In CSCNet, setting variables and hyper-parameters are done through named lists. Variables and hyper-parameters related to each involved cause are stored in list positions with the name of that position being that cause. Of course these names must be the same as values in the status variable in the data.
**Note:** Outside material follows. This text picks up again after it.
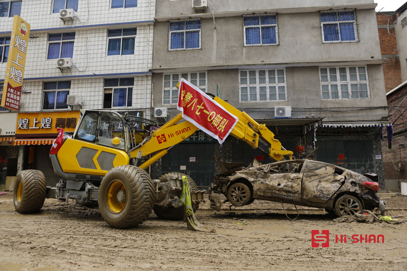 天災無情,人間有愛。福建閩清洪災險情發生后,福建海山機械迅速派出救援隊攜海山獨創的災害應急救援裝備——地面道路機能恢復/污染清除車和步履式挖掘機,馳援閩清縣坂東“尼伯特”洪水重災區,攜手駐閩武警部隊官兵協同作戰,取得卓有成效的救援成果,受到福建省委書記尤權的肯定和災區群眾的贊揚。
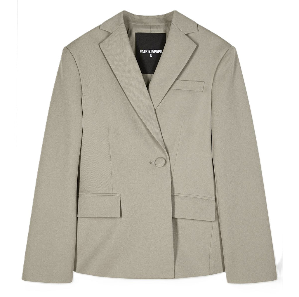 PATRIZIA PEPE Blazer asimmetrico in gabardina stretch a un bottone con logo

vl <- list('1'=~X1+X3+X7+X9+X10,
'2'=c('X1','X2','X6','X10'))
penfit <- penCSC(time = 'time',status = 'event',vars.list = vl,data = d,
alpha.list = list('1'=0,'2'=.5),lambda.list = list('1'=.01,'2'=.02))
penfit
$`Event: 1`
5 x 1 sparse Matrix of class "dgCMatrix"
1
X11 0.97724748
X31 0.17673877
X7 -0.04914618
X9 -0.52737860
X10 -0.09007295
$`Event: 2`
4 x 1 sparse Matrix of class "dgCMatrix"
1
X11 -0.71082304
X21 0.28319963
X6 .
X10 0.09318867penfit is a comprehensive list with all information
related to the data and fitted models in detail that user can
access.
Note: As we saw, variable specification in
vars.list is possible in 2 ways which are introducing a
vector of variable names or a one hand sided formula for different
causes.
Now to obtain predictions, specially estimates of the absolute risks,
predict.penCSC method was developed so user can obtain
different forms of values in the easiest way possible. By this method on
objects of class penCSCS and for different involved causes,
user can obtain values for linear predictors (type='lp' or
type='link'), exponential of linear predictors
(type='risk' or type='response') and finally
semi-parametric estimates of absolute risks
(type='absRisk') at desired time horizons.
Note: Default value for event argument
in predict.penCSC is NULL. If user leaves it
as that, values for all involved causes will be returned.
Values of linear predictors for event: 1 related to 1st three individuals of the data:
predict(penfit,d[1:3,],type='lp',event=1) %>% as.data.frame
id event prediction
1 1 1 -2.352336
2 2 1 -1.973192
3 3 1 -2.394408Or the risk values of the same individuals for all involved causes:
predict(penfit,d[1:3,],type='response') %>% as.data.frame
id event prediction
1 1 1 0.09514665
2 2 1 0.13901236
3 3 1 0.09122671
4 1 2 1.24337231
5 2 2 0.53333328
6 3 2 0.98764831Now let’s say we want estimates of absolute risks related to the event: 1 as our event of interest at median and 3rd quartile of the follow-up times:
predict(penfit,d[1:3,],type='absRisk',event=1,time=summary(d$time)[c(3,5)]) %>% as.data.frame
id event horizon absoluteRisk
1 1 1 3.846404 0.4212294
2 2 1 3.846404 0.5625537
3 3 1 3.846404 0.4124798
4 1 1 6.243125 0.5451776
5 2 1 6.243125 0.7129566
6 3 1 6.243125 0.5423173Note: There’s also predictRisk.penCSC
to obtain absolute risk predictions. This method was developed for
compatibility with tools from ‘riskRegression’ package.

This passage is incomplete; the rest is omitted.